What the task requires »
Would you set down each line of the data below exactly?

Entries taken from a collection
= Beginning of Section =
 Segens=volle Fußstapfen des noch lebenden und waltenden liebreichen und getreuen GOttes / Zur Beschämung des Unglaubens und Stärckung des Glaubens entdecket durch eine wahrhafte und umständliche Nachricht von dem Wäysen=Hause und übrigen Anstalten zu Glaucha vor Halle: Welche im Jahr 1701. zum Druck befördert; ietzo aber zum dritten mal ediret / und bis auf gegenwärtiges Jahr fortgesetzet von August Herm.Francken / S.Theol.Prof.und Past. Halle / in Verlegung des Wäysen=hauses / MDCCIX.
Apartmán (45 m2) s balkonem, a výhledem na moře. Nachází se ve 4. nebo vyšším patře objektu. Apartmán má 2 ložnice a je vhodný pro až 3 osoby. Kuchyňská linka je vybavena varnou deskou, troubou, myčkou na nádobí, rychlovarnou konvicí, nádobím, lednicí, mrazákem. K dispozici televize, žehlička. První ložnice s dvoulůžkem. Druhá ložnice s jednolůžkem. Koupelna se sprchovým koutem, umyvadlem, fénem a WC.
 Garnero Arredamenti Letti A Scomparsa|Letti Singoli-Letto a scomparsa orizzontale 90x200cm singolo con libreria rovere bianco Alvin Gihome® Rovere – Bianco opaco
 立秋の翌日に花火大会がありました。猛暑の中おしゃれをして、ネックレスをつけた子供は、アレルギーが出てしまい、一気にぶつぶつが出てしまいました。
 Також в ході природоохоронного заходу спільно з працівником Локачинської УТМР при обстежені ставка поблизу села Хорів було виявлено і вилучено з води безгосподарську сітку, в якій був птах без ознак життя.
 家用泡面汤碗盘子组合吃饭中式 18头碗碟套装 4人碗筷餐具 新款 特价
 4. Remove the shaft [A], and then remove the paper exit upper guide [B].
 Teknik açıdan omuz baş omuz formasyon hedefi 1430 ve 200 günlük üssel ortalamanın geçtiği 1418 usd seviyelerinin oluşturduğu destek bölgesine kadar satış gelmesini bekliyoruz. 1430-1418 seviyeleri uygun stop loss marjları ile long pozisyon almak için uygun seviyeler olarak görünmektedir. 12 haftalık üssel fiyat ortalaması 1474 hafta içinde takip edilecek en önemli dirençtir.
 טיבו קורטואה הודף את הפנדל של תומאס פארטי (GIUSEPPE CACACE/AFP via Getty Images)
= End of Section =
Task response »
 Segens=volle Fußstapfen des noch lebenden und waltenden liebreichen und getreuen GOttes / Zur Beschämung des Unglaubens und Stärckung des Glaubens entdecket durch eine wahrhafte und umständliche Nachricht von dem Wäysen=Hause und übrigen Anstalten zu Glaucha vor Halle: Welche im Jahr 1701. zum Druck befördert; ietzo aber zum dritten mal ediret / und bis auf gegenwärtiges Jahr fortgesetzet von August Herm.Francken / S.Theol.Prof.und Past. Halle / in Verlegung des Wäysen=hauses / MDCCIX.
Apartmán (45 m2) s balkonem, a výhledem na moře. Nachází se ve 4. nebo vyšším patře objektu. Apartmán má 2 ložnice a je vhodný pro až 3 osoby. Kuchyňská linka je vybavena varnou deskou, troubou, myčkou na nádobí, rychlovarnou konvicí, nádobím, lednicí, mrazákem. K dispozici televize, žehlička. První ložnice s dvoulůžkem. Druhá ložnice s jednolůžkem. Koupelna se sprchovým koutem, umyvadlem, fénem a WC.
 Garnero Arredamenti Letti A Scomparsa|Letti Singoli-Letto a scomparsa orizzontale 90x200cm singolo con libreria rovere bianco Alvin Gihome® Rovere – Bianco opaco
 立秋の翌日に花火大会がありました。猛暑の中おしゃれをして、ネックレスをつけた子供は、アレルギーが出てしまい、一気にぶつぶつが出てしまいました。
 Також в ході природоохоронного заходу спільно з працівником Локачинської УТМР при обстежені ставка поблизу села Хорів було виявлено і вилучено з води безгосподарську сітку, в якій був птах без ознак життя.
 家用泡面汤碗盘子组合吃饭中式 18头碗碟套装 4人碗筷餐具 新款 特价
 4. Remove the shaft [A], and then remove the paper exit upper guide [B].
 Teknik açıdan omuz baş omuz formasyon hedefi 1430 ve 200 günlük üssel ortalamanın geçtiği 1418 usd seviyelerinin oluşturduğu destek bölgesine kadar satış gelmesini bekliyoruz. 1430-1418 seviyeleri uygun stop loss marjları ile long pozisyon almak için uygun seviyeler olarak görünmektedir. 12 haftalık üssel fiyat ortalaması 1474 hafta içinde takip edilecek en önemli dirençtir.
 טיבו קורטואה הודף את הפנדל של תומאס פארטי (GIUSEPPE CACACE/AFP via Getty Images)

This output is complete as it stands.